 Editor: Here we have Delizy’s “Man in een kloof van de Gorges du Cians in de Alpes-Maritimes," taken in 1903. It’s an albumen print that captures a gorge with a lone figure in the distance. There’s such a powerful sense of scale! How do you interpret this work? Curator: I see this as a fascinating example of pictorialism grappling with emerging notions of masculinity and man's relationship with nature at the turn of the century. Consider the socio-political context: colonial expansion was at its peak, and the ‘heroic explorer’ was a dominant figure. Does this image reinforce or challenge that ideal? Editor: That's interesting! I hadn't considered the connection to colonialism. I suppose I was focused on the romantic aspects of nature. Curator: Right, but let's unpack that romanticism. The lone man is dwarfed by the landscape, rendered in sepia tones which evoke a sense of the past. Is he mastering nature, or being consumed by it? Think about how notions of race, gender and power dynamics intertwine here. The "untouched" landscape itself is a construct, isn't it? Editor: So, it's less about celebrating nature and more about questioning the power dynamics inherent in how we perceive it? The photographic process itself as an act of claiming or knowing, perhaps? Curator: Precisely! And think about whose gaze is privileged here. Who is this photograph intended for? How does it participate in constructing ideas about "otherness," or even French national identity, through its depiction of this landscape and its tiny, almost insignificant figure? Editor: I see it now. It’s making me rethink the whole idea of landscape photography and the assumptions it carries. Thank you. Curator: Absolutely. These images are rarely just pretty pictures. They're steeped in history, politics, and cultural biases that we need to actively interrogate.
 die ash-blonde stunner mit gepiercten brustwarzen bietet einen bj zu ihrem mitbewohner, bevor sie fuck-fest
☆ ☆ ☆ ☆ ☆
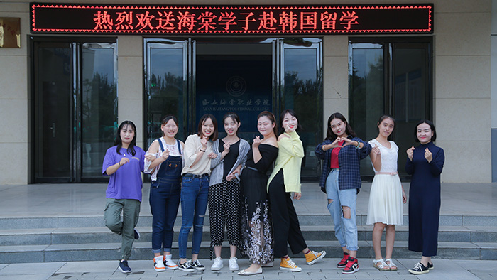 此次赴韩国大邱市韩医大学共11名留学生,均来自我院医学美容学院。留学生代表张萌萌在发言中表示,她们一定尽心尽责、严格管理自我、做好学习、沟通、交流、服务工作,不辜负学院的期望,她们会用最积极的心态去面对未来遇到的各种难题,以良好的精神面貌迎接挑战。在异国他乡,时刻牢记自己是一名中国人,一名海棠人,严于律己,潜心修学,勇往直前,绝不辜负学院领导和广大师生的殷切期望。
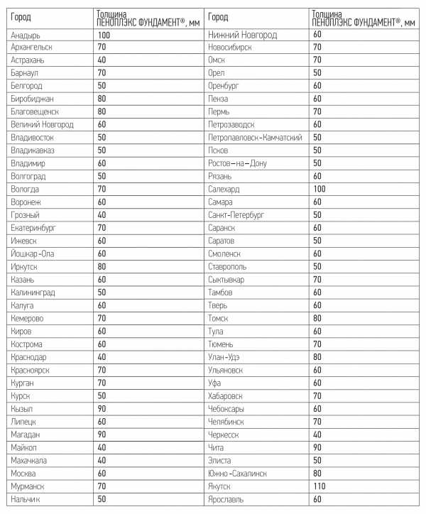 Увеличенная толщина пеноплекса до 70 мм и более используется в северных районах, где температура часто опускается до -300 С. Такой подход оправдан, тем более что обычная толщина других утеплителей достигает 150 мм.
☆ ☆ ☆ ☆ ☆
• [ABOUT THIS TASK]:
Copy the lines above exactly, starting with the line that contains "此次赴韩国大邱市韩医大学共1" and ending with the line that contains "Увеличенная толщина пеноплекса", and leave out any pictures.

• [EXERCISE OUTPUT]:
 此次赴韩国大邱市韩医大学共11名留学生,均来自我院医学美容学院。留学生代表张萌萌在发言中表示,她们一定尽心尽责、严格管理自我、做好学习、沟通、交流、服务工作,不辜负学院的期望,她们会用最积极的心态去面对未来遇到的各种难题,以良好的精神面貌迎接挑战。在异国他乡,时刻牢记自己是一名中国人,一名海棠人,严于律己,潜心修学,勇往直前,绝不辜负学院领导和广大师生的殷切期望。
 Увеличенная толщина пеноплекса до 70 мм и более используется в северных районах, где температура часто опускается до -300 С. Такой подход оправдан, тем более что обычная толщина других утеплителей достигает 150 мм.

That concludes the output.